At first, unrealistic gravity is removed, and flow is added. We introduced an ocean flow imitating the water currents present on earth (case 1).

In reality water induces great friction. So we added the effect of friction (case 2).

Finally we introduced SHARKS.

At first, fish are rejected by each shark (by introducing a rejection force). Sharks, on the other hand, are attracted by all fishes (case 3).

However, using the model mentioned above, sharks wandered around without being very effective in catching fish, since all fishes attract each shark. A real good predator chases only one prey at a time. We changed the model by making each shark chase a single fish until successful. Moreover, a shark never chases a fish chased by another shark (case 4).

To make the simulation more realistic, we tuned values of parameters. In this case, fishes seem pathetic compared to the sharks. But that is exactly what happens in a real world (case 5, case 6).

 

Difficulties

Each processor updates its own portion of memory. However we needed to update two objects managed by two different processors at the same time. To avoid two sharks chasing one fish, we marked each chased fish. Beginning to chase a fish and marking it should happen atomically. If a shark begins to chase a fish and marks it at a later time, another shark may already begin to chase the same fish.

This problem is not an application specific one. There are many cases in which two different objects must be updated atomically. The problem gets worse if two objects reside on different nodes.

 

 

 

 

 

 

(2) Solar System Simulation

Modelling and Implementation

At first we positioned the sun with its huge mass at the center. Then we provided planets with initial speed so that they can rotate around the sun (case 1). Moreover, we assigned different masses to each planet (case 2).

In the sequel, we tested the case when the planets feature different initial speed. Some of them followed an ellipsoidal orbit (case 3), while others went away from the sun.

We then removed the sun, and we could witness planets form a solar system around a planet with the largest mass (case 4_1). During simulation, we found an interesting case. When two of planets have similar large mass, they form binary stars (case 4_2).

 

Difficulties

In the solar system simulation, movement of planets should be made continuously and not at discrete moments, so that planets follow a perfect ellipse. Only then the balance of force and speed is preserved keeping planets to rotate around the sun. Otherwise very small errors accumulate, leading to unbalance and deviation from the orbit. Using the Euler method , the radius of the orbit increases constantly.

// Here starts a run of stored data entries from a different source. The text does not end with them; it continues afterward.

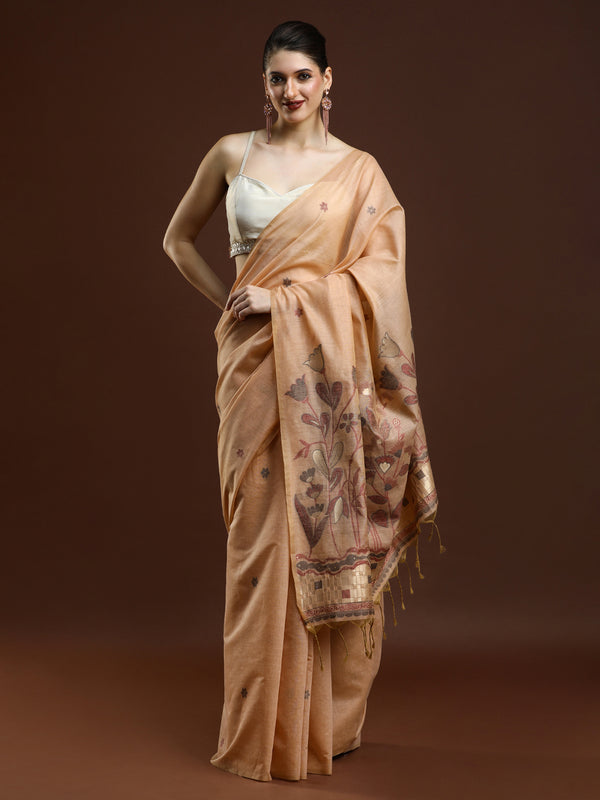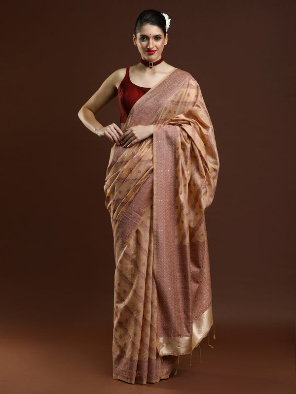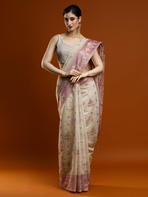 Sarha Women Woven Design Zari Muga Saree in Beige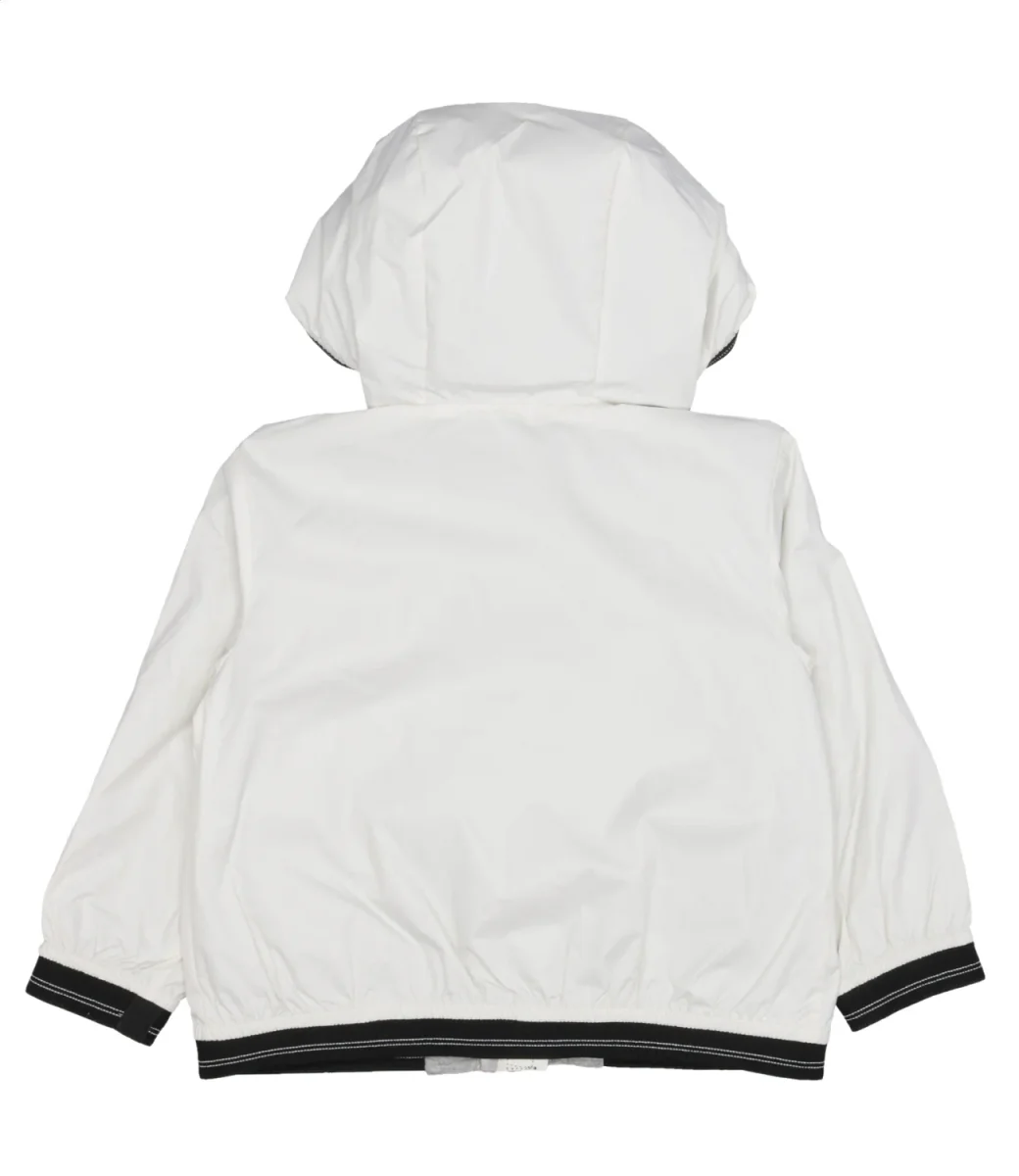 – Cappuccio fisso con coulisse e bordo in tessuto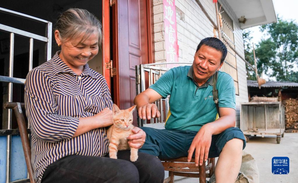 9月28日,双峰邮政所的邮递员吴文清(右)为村民派送一只猫咪。这名独居的村民此前委托吴文清为她选购一只宠物猫作伴。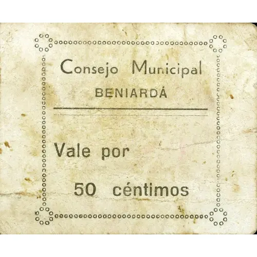 Consejo Municipal BENIARDÁ Vale por 50 céntimos (Translation: Municipal Council Beniardá Valid for 50 Centimos) |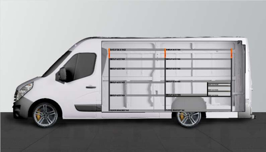 Detta är en av våra mest populära bilinredningar till Opel Movano, Renault Master & Nissan NV400 L3. LS3-inredningen används av såväl fastighetsskötare som servicetekniker, elektriker, VVS:are och snickare. Inredningen ger bra förvaringsmöjligheter för både verktygsväskor, maskiner, förbrukningsmaterial och ditt minsta sortiment. Lådorna kompletteras ofta med våra lådinsatser och avdelare medan gaveln är populär att komplettera med vår smartbox för att maximera förvaringsutrymmet.

This problem is already addressed. We found several sites debating this problem this. Among them, below site is the most useful site. This site extensively talks about it and suggests solutions.

http://homepage.ntlworld.com/david.conner/Solar%20System%20Dynamics.htm

Thanks to our teaching assistant, we recently became aware of several other approximation methods, but we didn’t have time to include them in our model.

 

 

(3) Moon Simulation

Modelling and Implementation

We have three objects: the sun, the earth, and the moon. The earth rotates around the sun, and the moon rotates around the earth (case 1). We also added some other planets (case 2).

 

 Difficulties

Just like in the case of the solar system simulation, discrete time progress and round-off error made the moon deviate from its orbit. This deviation arose more quickly. The movement of moon relative to the earth is smaller and more sophisticated. Therefore, very smalls errors, which would be insignificant to movements relative to the sun, can cause deviations from the orbit around the earth.